When developing a Julia library or application I typically find myself incrementally adding or modifying my package dependencies. If the particular Julia application also needs to be included in a Docker image this iterative workflow can be quite annoying as any change to the dependencies results in all of the dependencies having to be installed and precompiled from scratch. There seemed like a better approach was possible so after some research and discovering the RUN --mount=type=cache
feature in Docker I came up with the following Dockerfile
:
# syntax=docker/dockerfile:1
ARG JULIA_VERSION=1.8.5
FROM julia:${JULIA_VERSION}
# Switch the Julia depot to use the shared cache storage. As `.ji` files reference
# absolute paths to their included source files care needs to be taken to ensure the depot
# path used during package precompilation matches the final depot path used in the image.
# If a source file no longer resides at the expected location the `.ji` is deemed stale and
# will be recreated.
RUN ln -s /tmp/julia-cache ~/.julia
# Install Julia package registries.
RUN --mount=type=cache,sharing=locked,target=/tmp/julia-cache \
julia -e 'using Pkg; Pkg.Registry.add("General")'
# Disable automatic package precompilation.

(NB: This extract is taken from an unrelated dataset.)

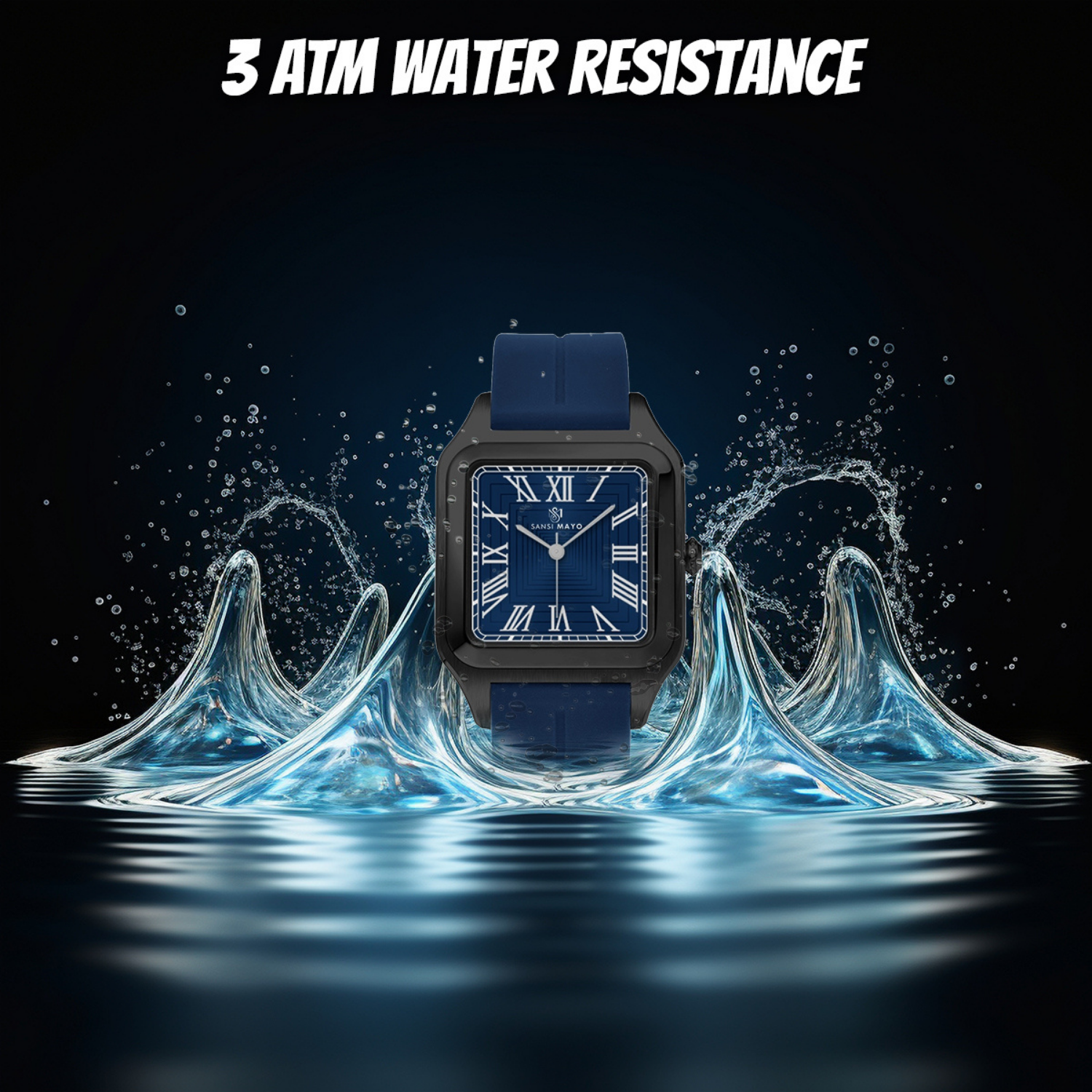 Sansi Mayo Men's Blue on Blue Silicone Watch - Sporty Style in a Square Case V2
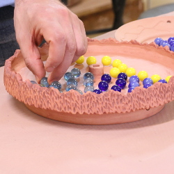 Like his other "marbleware" pieces, Tim's clocks are created by melting marbles in a clay frame in the kiln. A pattern is laid out beforehand, but what happens in the kiln as the glass moves is always a surprise, resulting in a truly unique piece each time. To attach the numbers to the face, as well as for safety and aesthetic reasons, these clocks use the same epoxy coating, which can sometimes be damaged if stored in below freezing temperatures for an extended period. They run on a single AA battery.

We'll control when packages are precompiled.
ENV JULIA_PKG_PRECOMPILE_AUTO "0"
# Instantiate the Julia project environment and precompile dependencies.
ENV JULIA_PROJECT /project
COPY Project.toml Manifest.toml ${JULIA_PROJECT}/
RUN --mount=type=cache,sharing=locked,target=/tmp/julia-cache \
julia -e 'using Pkg; Pkg.instantiate(); Pkg.precompile(strict=true)'
# Copy the shared ephemeral Julia depot into the image and remove any installed packages
# not used by our Manifest.toml.
RUN --mount=type=cache,target=/tmp/julia-cache \
rm ~/.julia && \
mkdir ~/.julia && \
cp -rp /tmp/julia-cache/* ~/.julia && \
julia -e 'using Pkg, Dates; Pkg.gc(collect_delay=Day(0))'
Using this approach the Julia registries, packages, and precompilation files are stored in a Docker cache which persists between image builds. The end result is that iterative package development results in much faster image builds as only the missing packages need to be added and precompiled, just like how local development works.
Additionally, this cache is shared between all Docker image builds so this can also help accelerate workflows where multiple Dockerfile
s and Julia Docker images need to be built. That said, through some experimentation it is possible that concurrent Docker image builds can result in file access collisions so I decided to use sharing=locked
to avoid running into these problems even though they seem rare in practice. The downside of sharing=locked
is that concurrent builds will be slower than if we used sharing=shared
but should still be faster than building all dependencies from scratch.
Let me know if this approach to building Docker applications is useful for your workflow. Maybe I’ll try to add this as documentation in docker-library/julia if this is useful.